Based on CMS inspection data, ROCK HAVEN has documented safety concerns. Inspectors have issued 1 Immediate Jeopardy citation (the most serious violation level indicating risk of serious injury or death). The facility has a 3-star overall rating and ranks #1 of 100 nursing homes in Wisconsin. Families considering this facility should ask detailed questions about what corrective actions have been taken since these incidents.

Do Nurses at Rock Haven Stick Around?

ROCK HAVEN has a staff turnover rate of 34%, which is about average for Wisconsin nursing homes (state average: 46%). Moderate turnover is common in nursing homes, but families should still ask about staff tenure and how the facility maintains care continuity when employees leave.

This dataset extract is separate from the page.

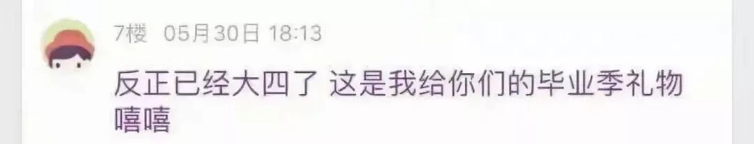 她补充说,大家表面上还是好朋友,这是毕业季她送给室友的“礼物”。
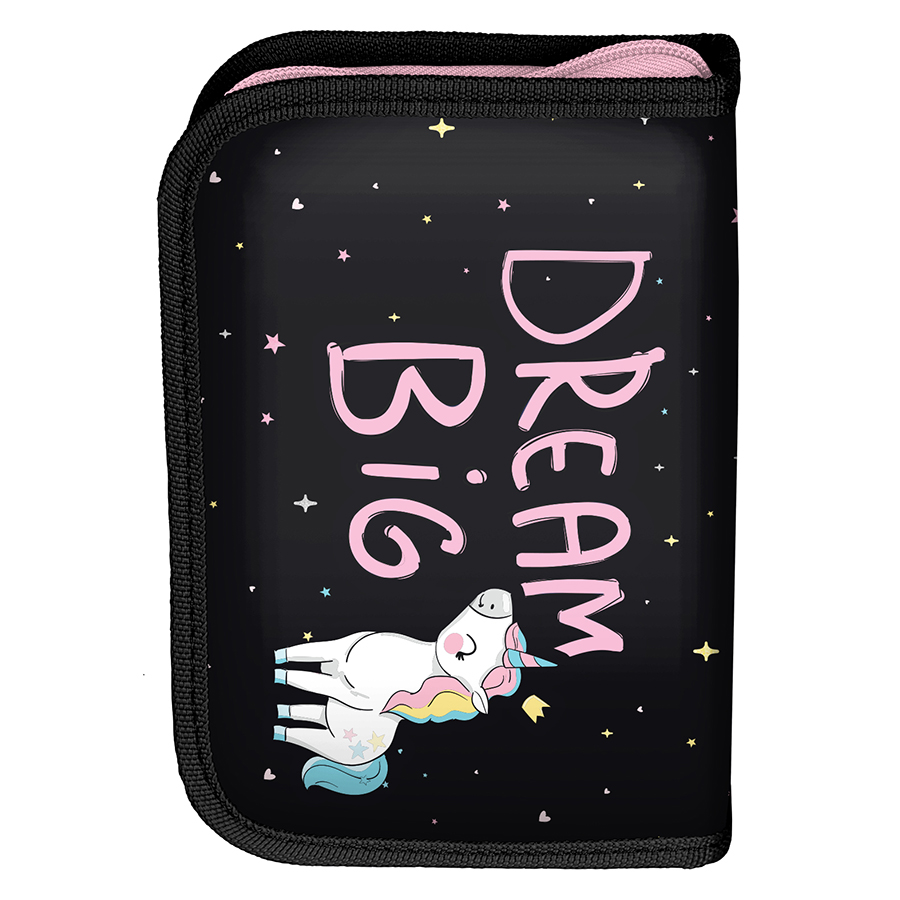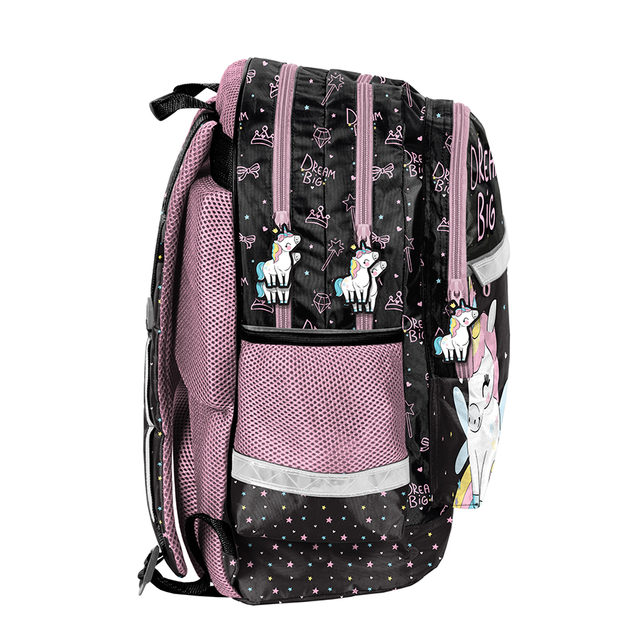 Plecak szkolny Unicorn. Plecak posiada dwie pojemne komory oraz dwie duże kieszenie frontowe. Dodatkowo jest wyposażony w dwie boczne siatki, które doskonale nadają się do przechowywania drobniejszych akcesoriów lub butelki z napojem. Usztywnione gąbką, ergonomiczne wyprofilowane plecy oraz regulowane szelki pokryte miękkim materiałem zapewniają dziecku prawidłową postawę i odciążają kręgosłup. Plecak wyposażony jest w zabezpieczone stopkami gumowymi dno. Posiada elementy odblaskowe, które zwiększają bezpieczeństwo. Uszyty jest z materiału odpornego na przemakanie. Idealnie sprawdzi się zarówno w szkole czy na wycieczce.

Was Rock Haven Ever Fined?

ROCK HAVEN has no federal fines on record. CMS issues fines when nursing homes fail to meet care standards or don't correct problems found during inspections. The absence of fines suggests the facility has either maintained compliance or corrected any issues before penalties were assessed. This is a positive indicator, though families should still review recent inspection reports for the full picture.

Is Rock Haven on Any Federal Watch List?

ROCK HAVEN is not on any federal watch list. The most significant is the Special Focus Facility (SFF) program, which identifies the bottom 1% of nursing homes nationally based on persistent, serious quality problems. Not being on this list means the facility has avoided the pattern of deficiencies that triggers enhanced federal oversight. This is a positive indicator, though families should still review the facility's inspection history directly.